:: How to complete this task ::
Exact wording is required: give all the records again, minus the pictures.

Collected data entries:
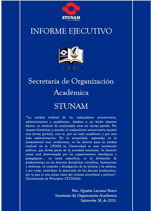 Informes presentados por cada una de las secretarías que conforman el Comité Ejecutivo del STUNAM y de las Comisiones Mixtas y Autónomas.
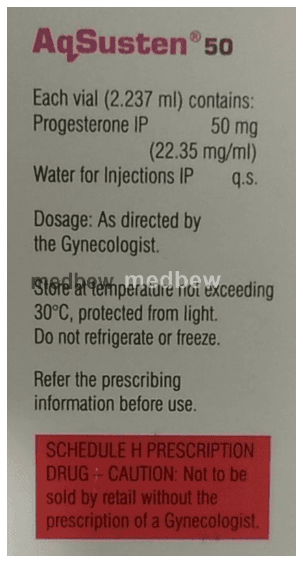 Aqsusten 50 Injection is a progesterone (female hormone). It works on the lining of the uterus and helps to establish and maintain pregnancy in infertile women. It helps in protecting the uterus from the negative effects of oestrogen when used for the treatment of postmenopausal symptoms.
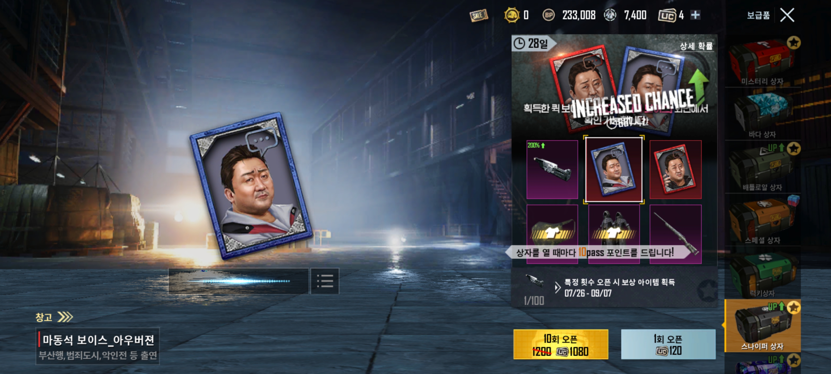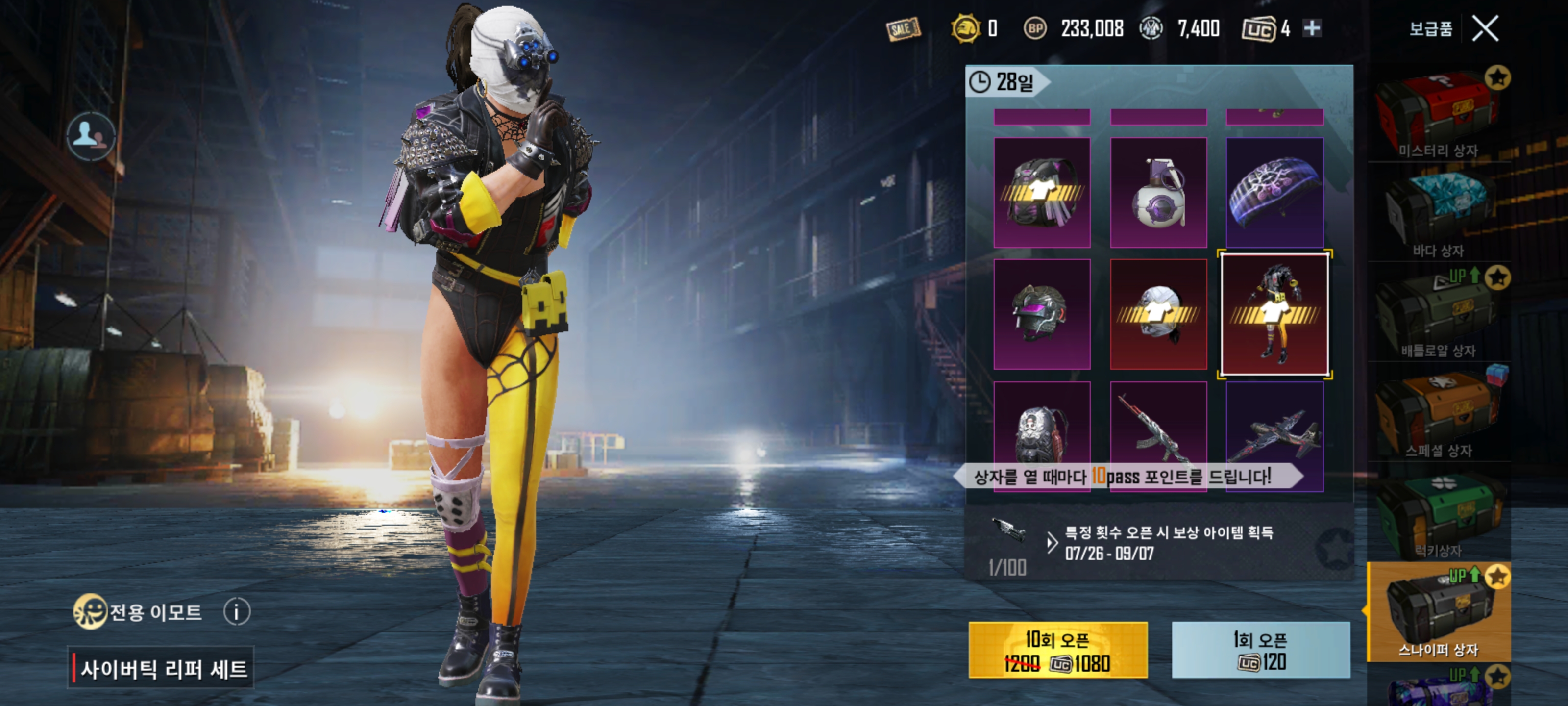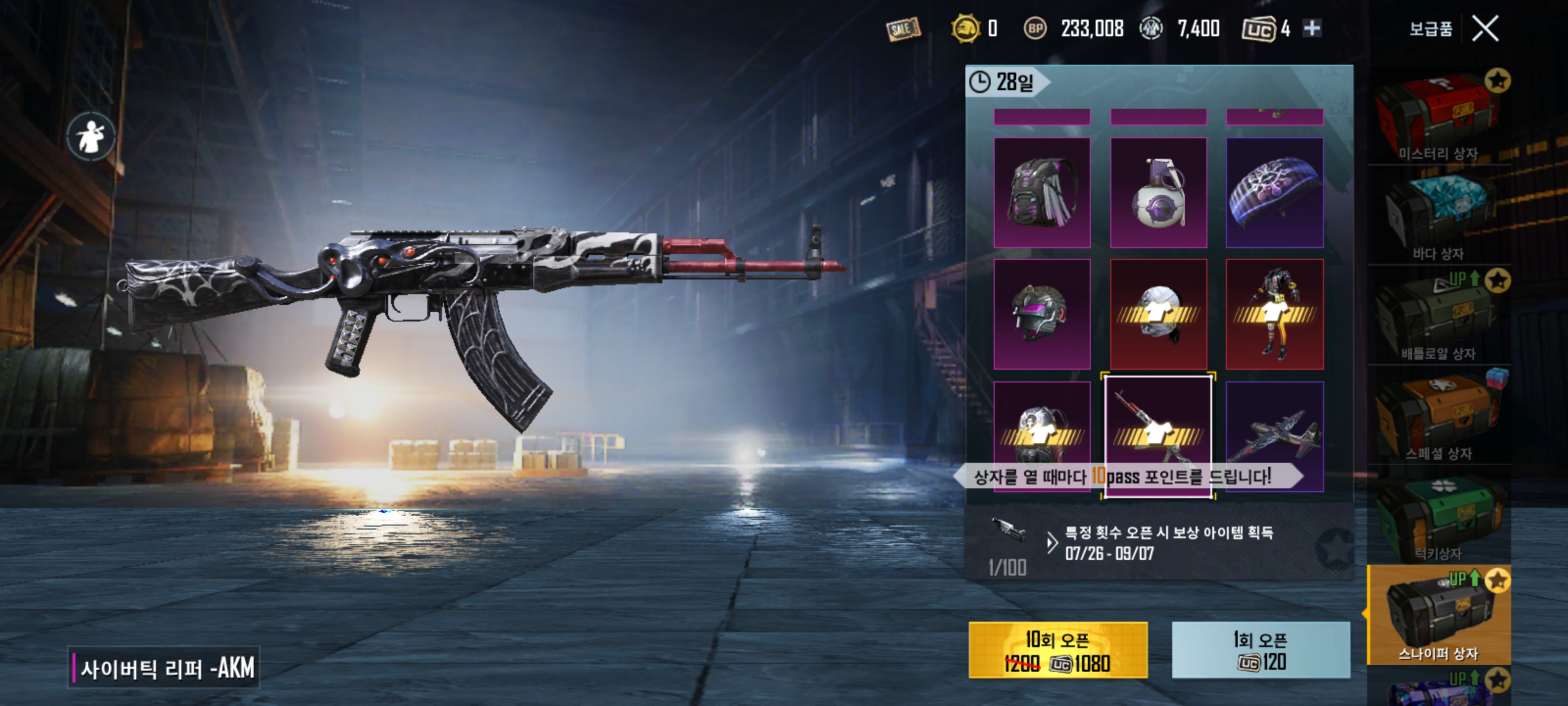 가격은 1회 오픈시 120UC 10회 오픈시 1080UC 입니다.
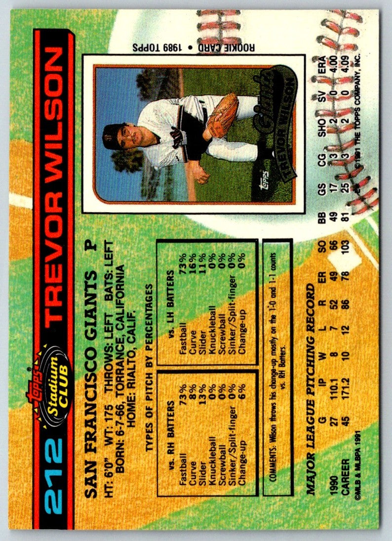 This 1991 Stadium Club Trevor Wilson #212 San Francisco Giants card is an essential for any collector. Showcasing a classic photo of the pitcher in a Giants uniform, the card also features an action shot of him delivering a pitch. This card would make a great addition to your collection and is sure to increase in value as time goes on.
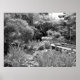 Black and white photograph of a garden pond with a wooden bridge and a water wheel. This pretty scene is just part of a beautiful temple garden in Kanagawa, Japan.

:: Output of the exercise ::
 Informes presentados por cada una de las secretarías que conforman el Comité Ejecutivo del STUNAM y de las Comisiones Mixtas y Autónomas.
 Aqsusten 50 Injection is a progesterone (female hormone). It works on the lining of the uterus and helps to establish and maintain pregnancy in infertile women. It helps in protecting the uterus from the negative effects of oestrogen when used for the treatment of postmenopausal symptoms.
 가격은 1회 오픈시 120UC 10회 오픈시 1080UC 입니다.
 This 1991 Stadium Club Trevor Wilson #212 San Francisco Giants card is an essential for any collector. Showcasing a classic photo of the pitcher in a Giants uniform, the card also features an action shot of him delivering a pitch. This card would make a great addition to your collection and is sure to increase in value as time goes on.
 Black and white photograph of a garden pond with a wooden bridge and a water wheel. This pretty scene is just part of a beautiful temple garden in Kanagawa, Japan.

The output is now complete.